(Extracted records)
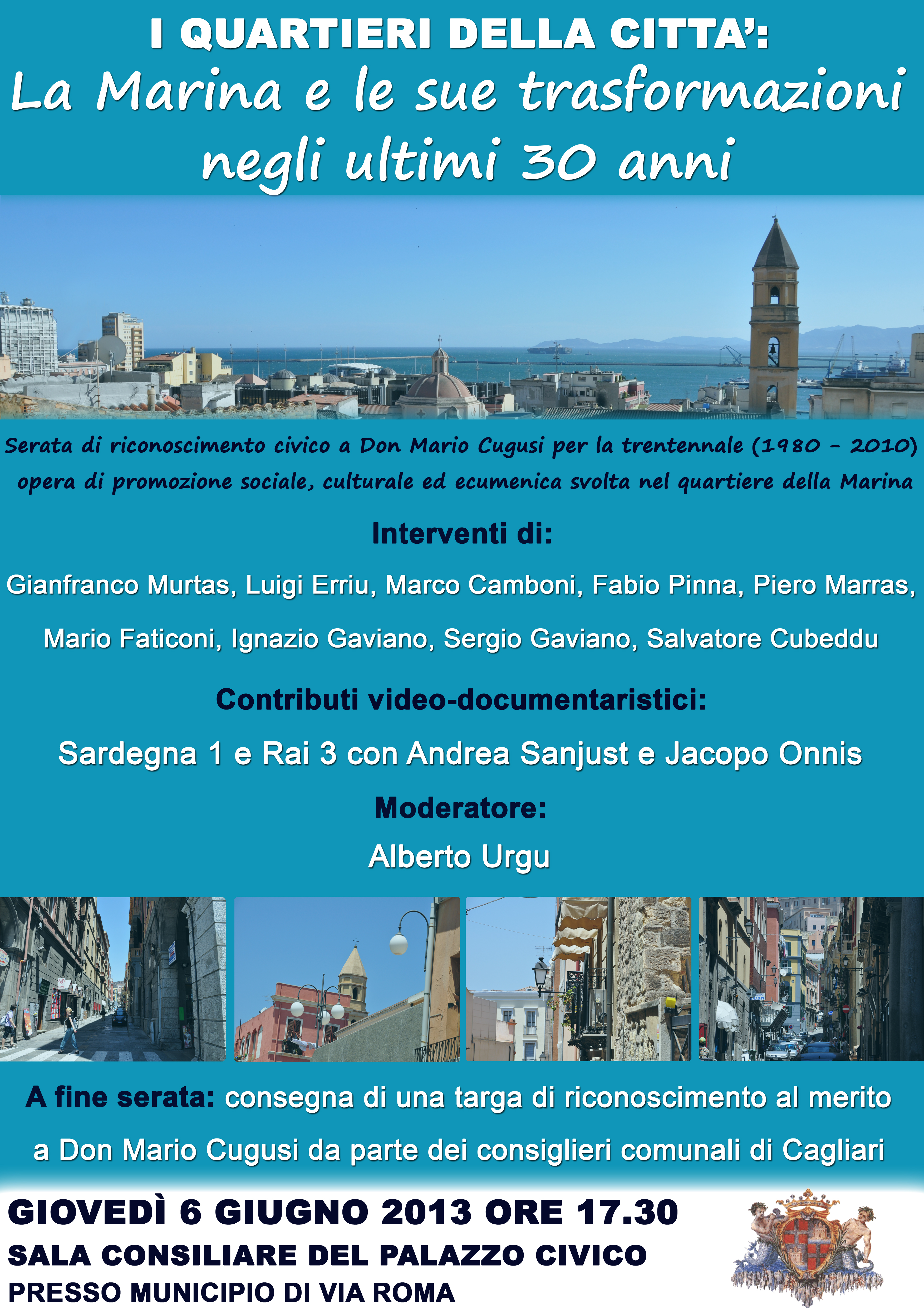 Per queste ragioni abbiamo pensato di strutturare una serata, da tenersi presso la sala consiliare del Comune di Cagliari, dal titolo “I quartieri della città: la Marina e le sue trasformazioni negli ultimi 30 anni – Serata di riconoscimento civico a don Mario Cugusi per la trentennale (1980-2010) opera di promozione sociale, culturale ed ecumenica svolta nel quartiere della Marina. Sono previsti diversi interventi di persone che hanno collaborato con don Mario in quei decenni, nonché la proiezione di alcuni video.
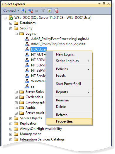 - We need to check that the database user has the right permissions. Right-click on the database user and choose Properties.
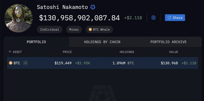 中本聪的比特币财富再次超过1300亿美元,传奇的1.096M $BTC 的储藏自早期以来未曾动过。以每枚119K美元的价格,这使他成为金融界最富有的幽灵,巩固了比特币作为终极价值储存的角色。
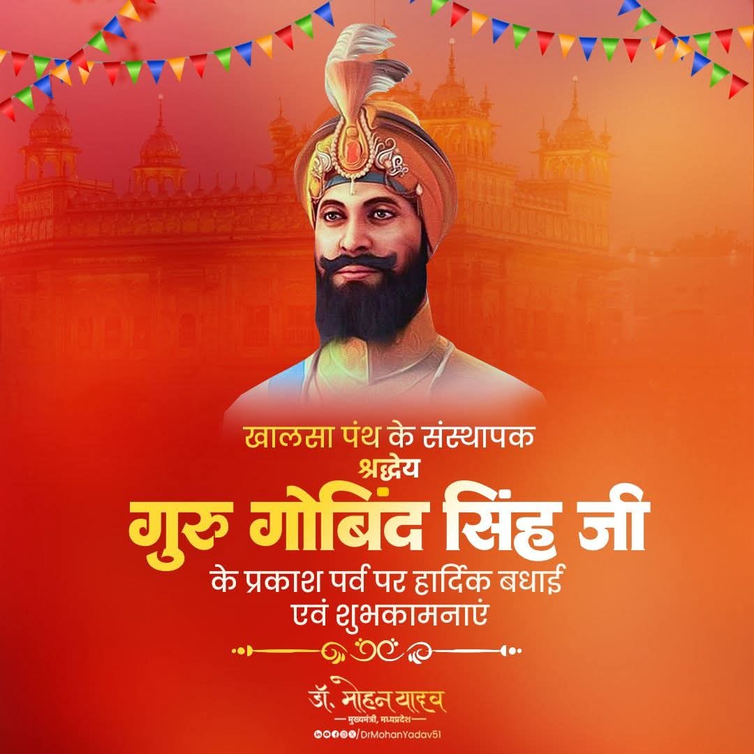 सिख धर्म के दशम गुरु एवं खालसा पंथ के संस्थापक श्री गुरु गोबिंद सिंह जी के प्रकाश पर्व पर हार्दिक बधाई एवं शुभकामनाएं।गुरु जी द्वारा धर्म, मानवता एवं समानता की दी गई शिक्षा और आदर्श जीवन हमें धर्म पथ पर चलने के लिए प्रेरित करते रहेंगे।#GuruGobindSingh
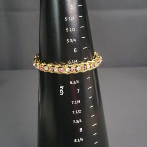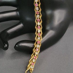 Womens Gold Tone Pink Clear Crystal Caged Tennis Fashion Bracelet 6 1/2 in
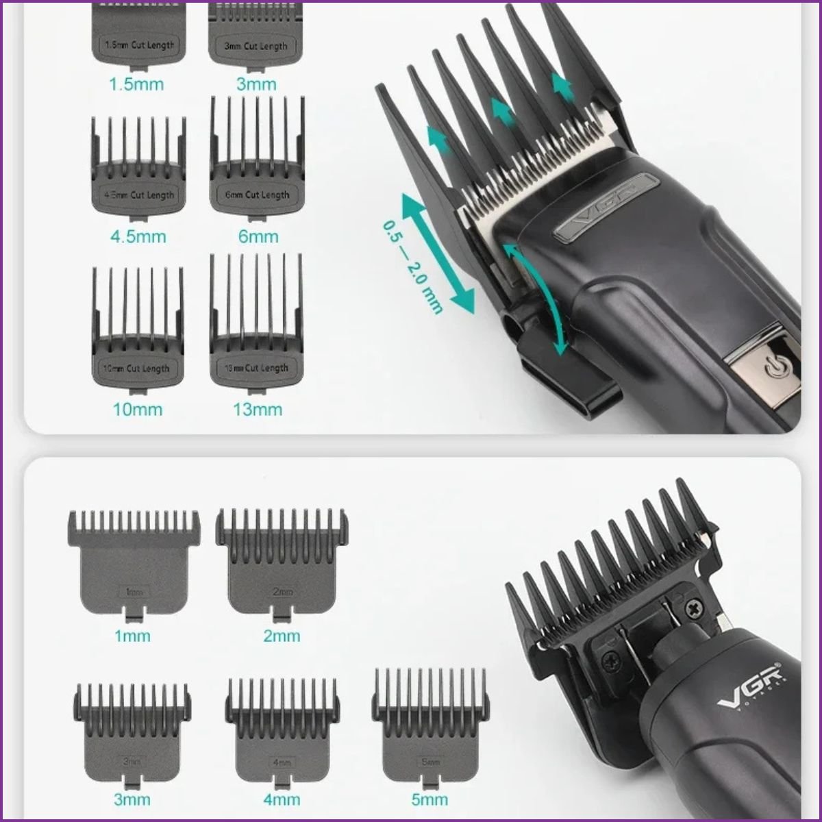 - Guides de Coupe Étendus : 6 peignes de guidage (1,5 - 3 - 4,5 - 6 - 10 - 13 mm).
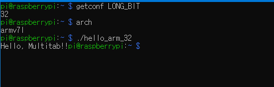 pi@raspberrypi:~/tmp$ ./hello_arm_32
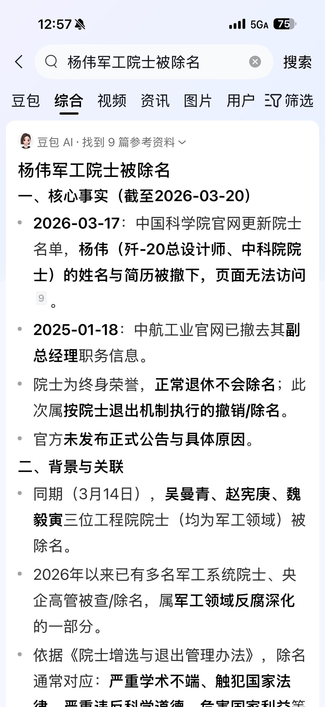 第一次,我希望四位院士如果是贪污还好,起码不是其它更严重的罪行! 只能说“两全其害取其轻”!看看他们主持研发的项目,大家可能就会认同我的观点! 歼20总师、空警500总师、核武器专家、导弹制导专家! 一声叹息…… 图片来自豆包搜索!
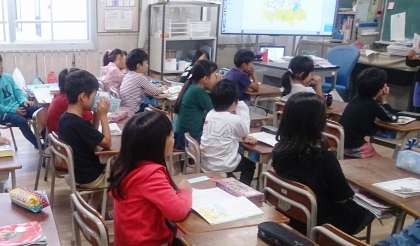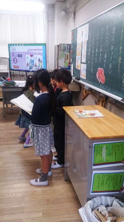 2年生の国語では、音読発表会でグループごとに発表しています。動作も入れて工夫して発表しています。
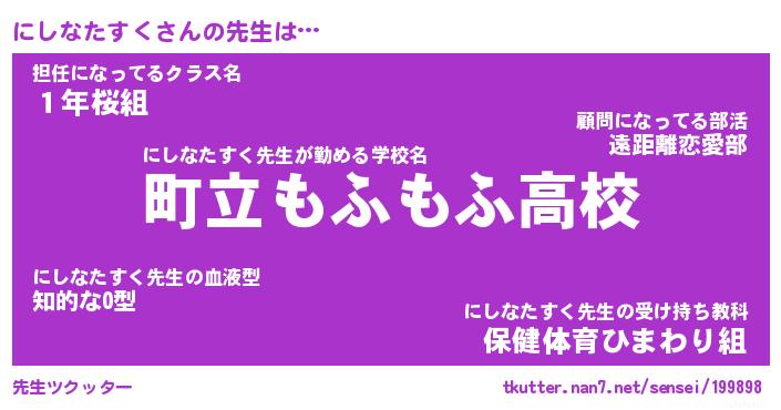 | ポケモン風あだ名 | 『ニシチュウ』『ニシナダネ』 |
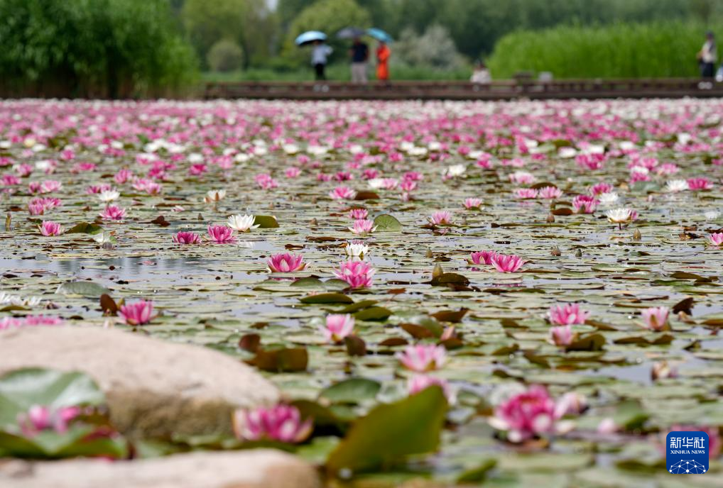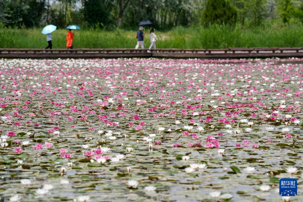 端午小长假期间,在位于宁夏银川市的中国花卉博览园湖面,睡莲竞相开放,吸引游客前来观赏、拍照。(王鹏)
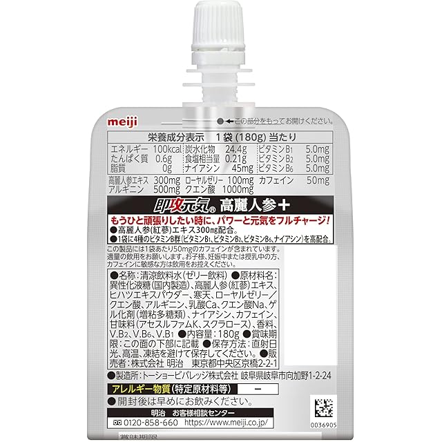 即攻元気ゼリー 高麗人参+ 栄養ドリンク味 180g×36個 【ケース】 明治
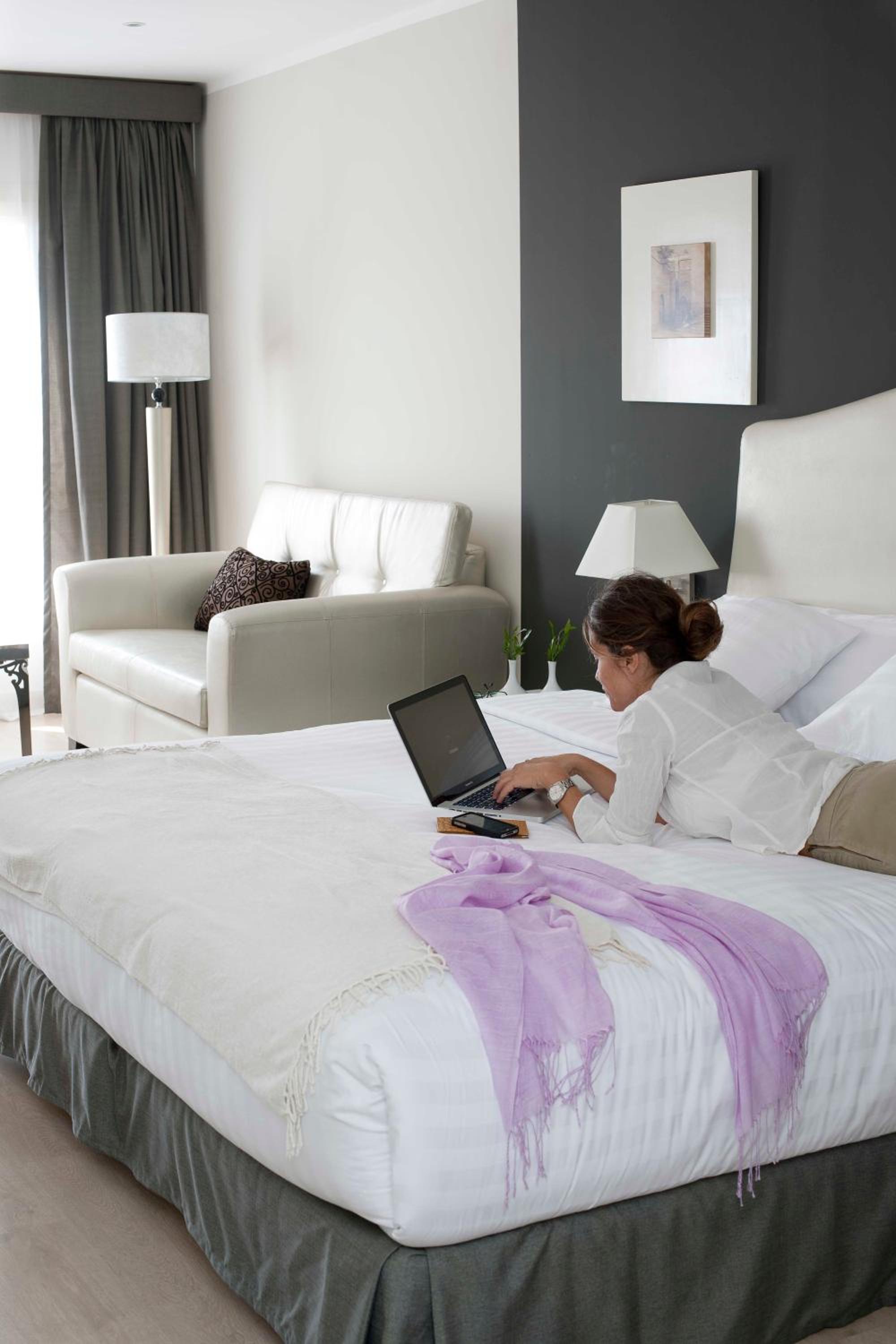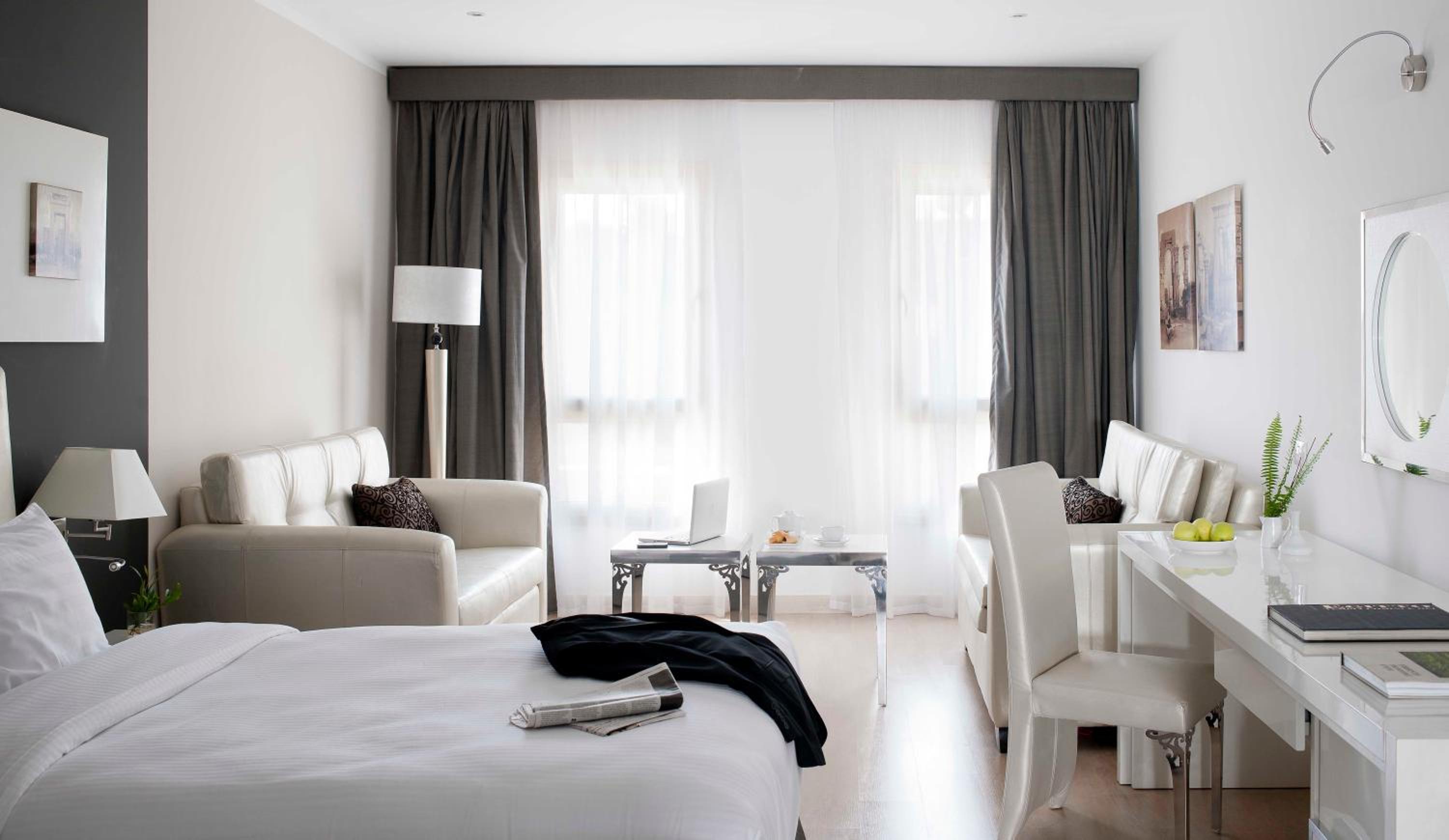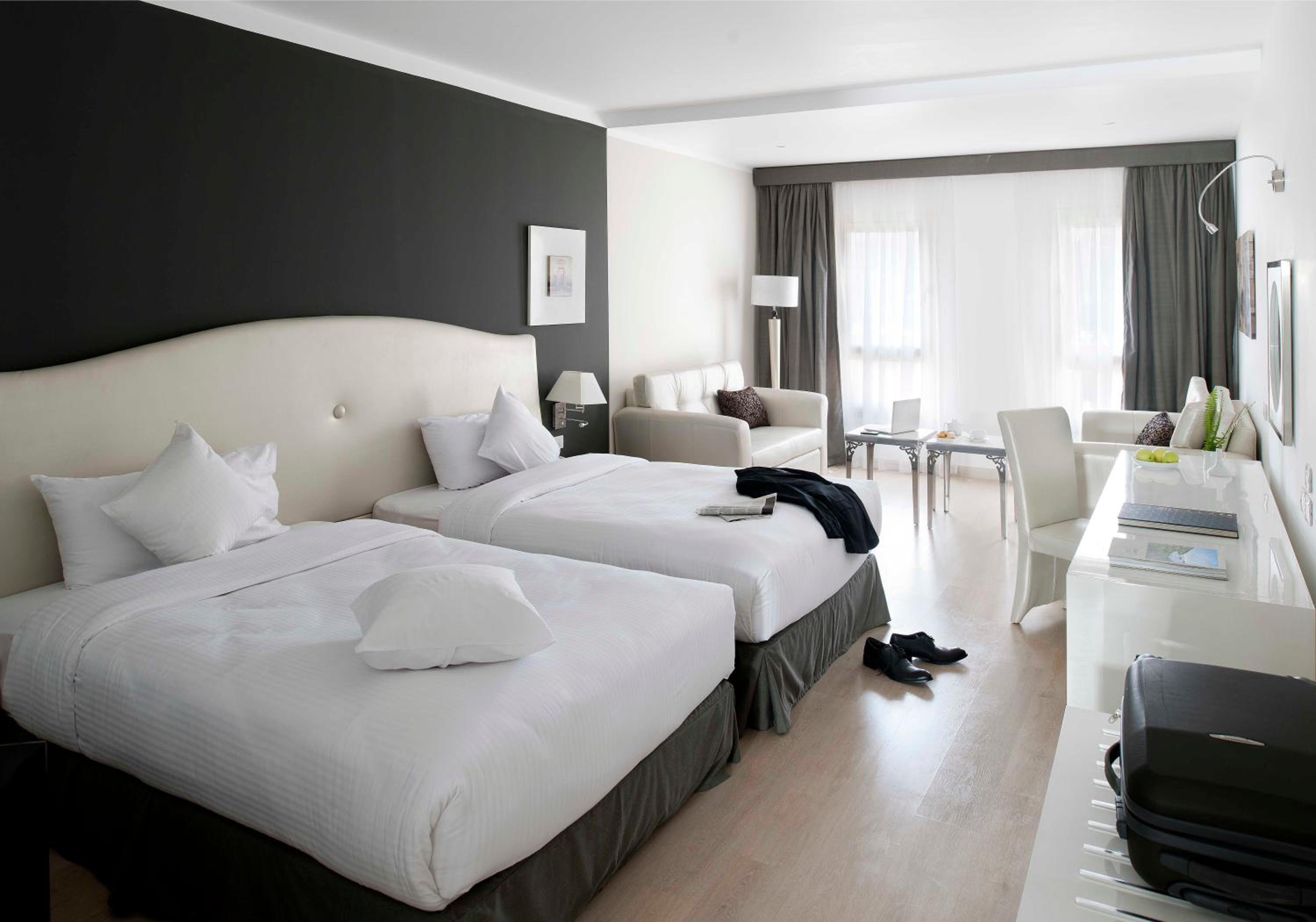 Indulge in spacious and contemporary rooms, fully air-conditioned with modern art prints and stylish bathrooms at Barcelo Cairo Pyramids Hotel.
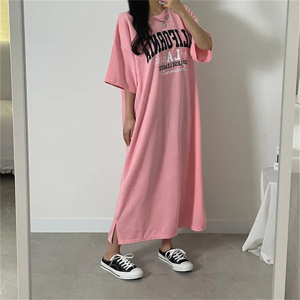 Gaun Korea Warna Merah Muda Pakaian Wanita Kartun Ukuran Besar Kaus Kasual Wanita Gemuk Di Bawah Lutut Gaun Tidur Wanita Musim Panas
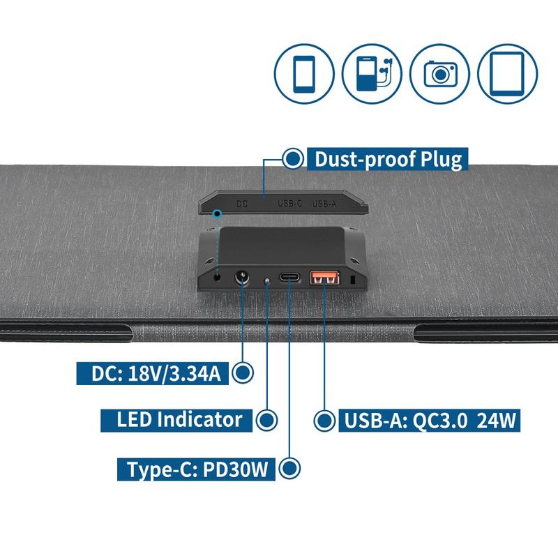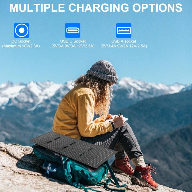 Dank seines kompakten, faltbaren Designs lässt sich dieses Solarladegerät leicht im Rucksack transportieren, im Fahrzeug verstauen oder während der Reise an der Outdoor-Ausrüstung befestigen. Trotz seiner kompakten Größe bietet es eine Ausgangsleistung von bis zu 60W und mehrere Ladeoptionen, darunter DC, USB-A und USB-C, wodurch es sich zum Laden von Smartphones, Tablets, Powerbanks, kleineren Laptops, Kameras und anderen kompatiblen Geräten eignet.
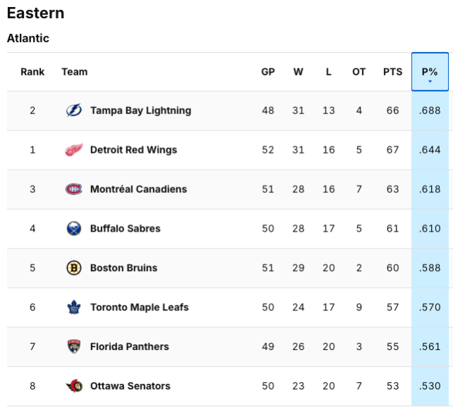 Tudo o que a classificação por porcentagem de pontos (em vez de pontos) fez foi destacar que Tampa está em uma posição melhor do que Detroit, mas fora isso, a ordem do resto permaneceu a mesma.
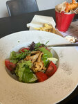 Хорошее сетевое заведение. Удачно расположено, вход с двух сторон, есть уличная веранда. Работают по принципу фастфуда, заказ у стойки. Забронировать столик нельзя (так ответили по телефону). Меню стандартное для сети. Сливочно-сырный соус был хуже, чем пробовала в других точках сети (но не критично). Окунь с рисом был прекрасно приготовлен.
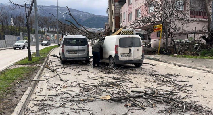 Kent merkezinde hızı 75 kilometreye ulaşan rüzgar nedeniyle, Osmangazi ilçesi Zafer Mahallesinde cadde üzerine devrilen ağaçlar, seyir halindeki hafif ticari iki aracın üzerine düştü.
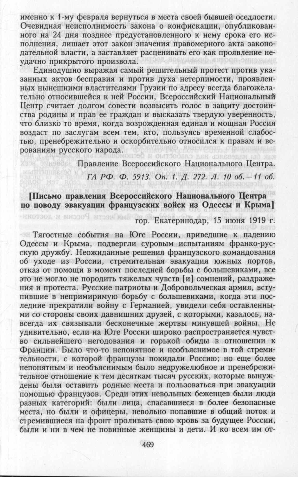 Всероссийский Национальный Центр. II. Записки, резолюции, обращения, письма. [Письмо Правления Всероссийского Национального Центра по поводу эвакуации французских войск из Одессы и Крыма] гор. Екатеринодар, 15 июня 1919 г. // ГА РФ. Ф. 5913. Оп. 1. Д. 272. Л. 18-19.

#### [WORK INSTRUCTION]
Which lines run from the one that holds "Kent merkezinde hızı" to the final line of the records above? Return them exactly, and skip the pictures.

#### [SOLUTION FOR THIS PROBLEM]
 Kent merkezinde hızı 75 kilometreye ulaşan rüzgar nedeniyle, Osmangazi ilçesi Zafer Mahallesinde cadde üzerine devrilen ağaçlar, seyir halindeki hafif ticari iki aracın üzerine düştü.
 Всероссийский Национальный Центр. II. Записки, резолюции, обращения, письма. [Письмо Правления Всероссийского Национального Центра по поводу эвакуации французских войск из Одессы и Крыма] гор. Екатеринодар, 15 июня 1919 г. // ГА РФ. Ф. 5913. Оп. 1. Д. 272. Л. 18-19.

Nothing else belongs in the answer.